Blasting The Datacenter Walls With Jericho
“What we have seen over the past few years is that cloud deployments just continue to grow,” Hull says. “Soon server shipments at cloud builders and other service providers are going to outstrip enterprises, and the largest cloud providers will account for about a third of Ethernet switch spending.”
Other service providers account for another third of the market, as you can see above, and enterprises and SMBs comprise the rest of the remaining third of the market by 2020. Last year there were over 22 million ports of switching capacity sold worldwide for datacenter-class iron that had ports running at 10 Gb/sec, 40 Gb/sec, or 100 Gb/sec, according data presented by Hull, and these generated around $9 billion in sales.
“We have been a big beneficiary of that growth. But within the datacenter, there have been a number of transformations in system architectures, and the next transformation is going to be around the routing tier. The cloud and service providers want to be able to scale out their networks, but in order to do that they have to keep it simple. They need simple, consistent building blocks, and they want software control.”

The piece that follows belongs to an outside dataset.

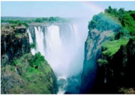
Die mächtigen Viktoriafälle

2x Übernachtung mit Frühstück A'Zambezi River Lodge (Standard Room )

These were the founding principles of Arista, of course, which created its own Linux-derived network operating system, called the Extensible Operating System or EOS, although the company has stopped short of open sourcing this code as Hewlett Packard Enterprise, Dell, Big Switch Networks, Cumulus Linux, and Pica8. Arista may yet be compelled to open up its stack by market forces, particularly if it wants to sell to hyperscalers and cloud builders.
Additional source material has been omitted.